01 August 2009

"They" as a singular pronoun

While reading a NYT article about the search for a "universal" (non-gender biased) pronoun, I encountered this:

If any single person is responsible for this male-centric usage, it’s Anne Fisher, an 18th-century British schoolmistress and the first woman to write an English grammar book, according to the sociohistorical linguist Ingrid Tieken-Boon van Ostade. Fisher’s popular guide, “A New Grammar” (1745), ran to more than 30 editions, making it one of the most successful grammars of its time. More important, it’s believed to be the first to say that the pronoun he should apply to both sexes.
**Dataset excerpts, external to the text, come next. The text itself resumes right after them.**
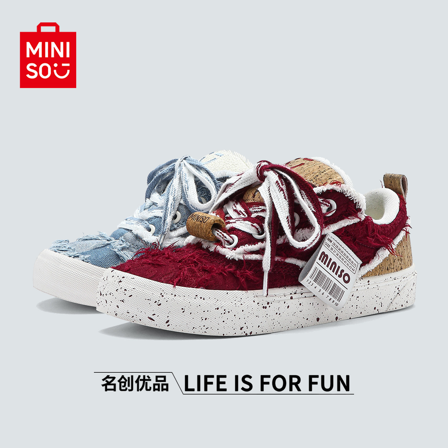 MINISO Men's Red and Blue Mandarin Duck Tassel Loafers Campus Style Couple's Sports Skateboard Shoes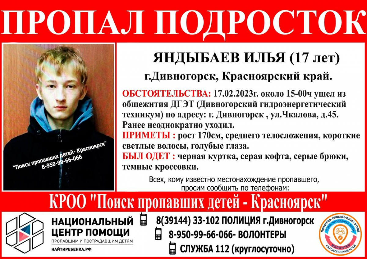 Если вам известно о том, где сейчас находится студент - звоните волонтёрам или в полицию. Номера телефонов: 8-950-996-60-66, 8-391-443-31-02.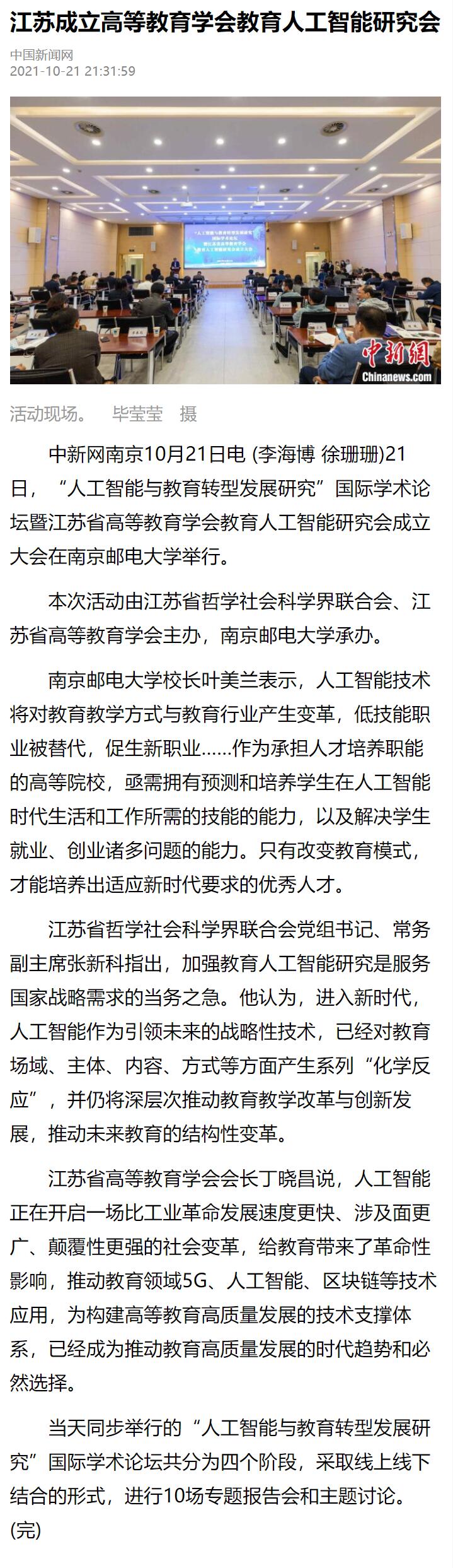 【中国新闻网】江苏成立高等教育学会教育人工智能研究会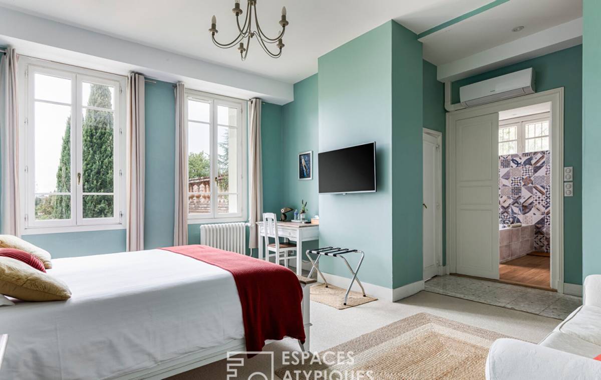 A carefully renovated independent cottage offers complete accommodation with two bedrooms, a living room, and a kitchen. The main house houses the living areas as well as four master suites, including one on the ground floor, and three other spacious bedrooms; high-end comfort, ideal for a hospitality business or a large family. Modern bathrooms complete the high-quality amenities.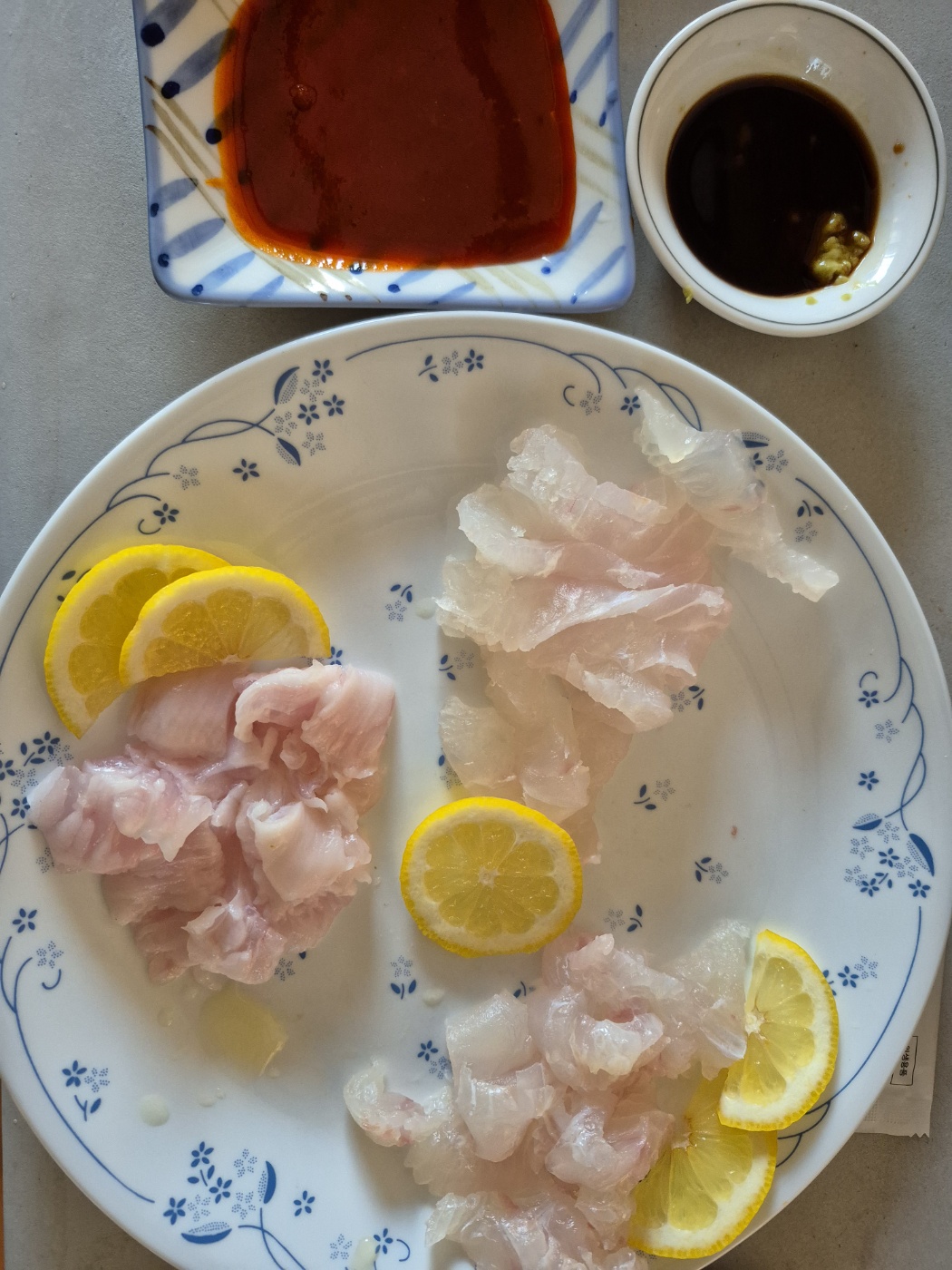 광어는 잡아서 피를 빼고, 죽은 상태로 집으로 가져와서, 도마, 칼, 면장갑, 쟁반, 접시 등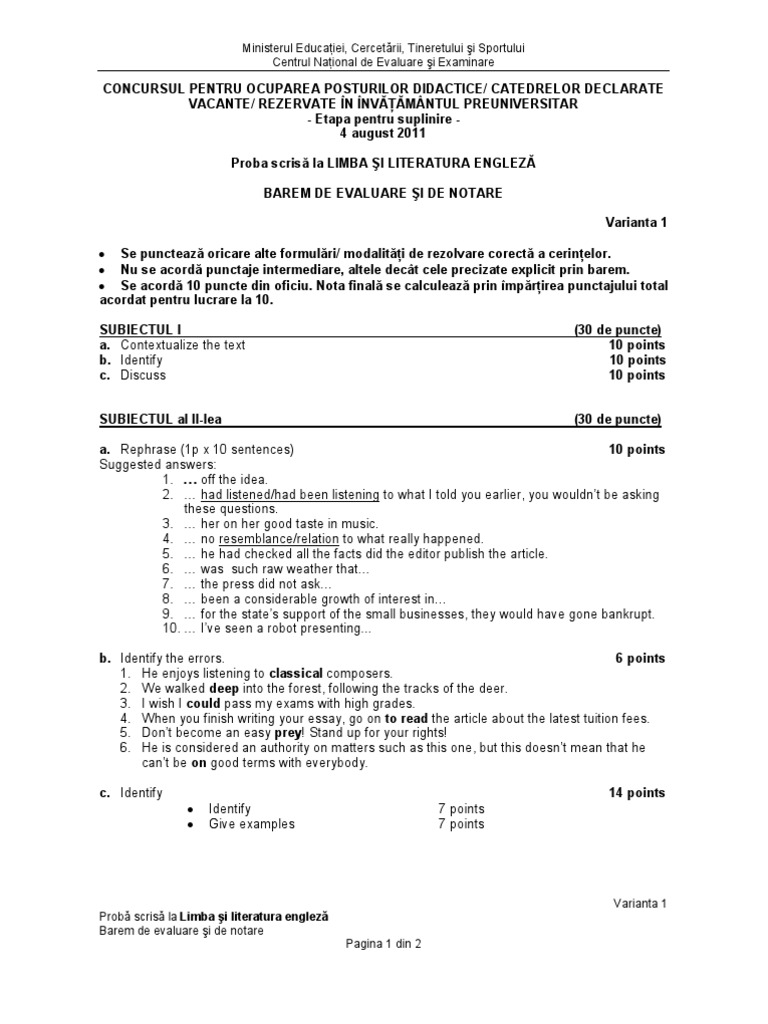 Subiect titularizare limba engleza 2011 tide environment. Primele rezultate vor fi afişate pe 23 iulie. Proba orală la limba engleză la bac 2018 se susţine în conformitate cu ordinul ministrului privind aprobarea calendarului şi a metodologiei de organizare.

The idea that he, him and his should go both ways caught on and was widely adopted. But how, you might ask, did people refer to an anybody before then? This will surprise a few purists, but for centuries the universal pronoun was they. Writers as far back as Chaucer used it for singular and plural, masculine and feminine. Nobody seemed to mind that they, them and their were officially plural. As Merriam-Webster’s Dictionary of English Usage explains, writers were comfortable using they with an indefinite pronoun like everybody because it suggested a sexless plural...

Meanwhile, many great writers — Byron, Austen, Thackeray, Eliot, Dickens, Trollope and more — continued to use they and company as singulars, never mind the grammarians. In fact, so many people now use they in the old singular way that dictionaries and usage guides are taking a critical look at the prohibition against it. R. W. Burchfield, editor of The New Fowler’s Modern English Usage, has written that it’s only a matter of time before this practice becomes standard English: “The process now seems irreversible.” Merriam-Webster’s Collegiate Dictionary (11th ed.) already finds the singular they acceptable “even in literary and formal contexts,” but the Usage Panel of The American Heritage Dictionary of the English Language (4th ed.) isn’t there yet.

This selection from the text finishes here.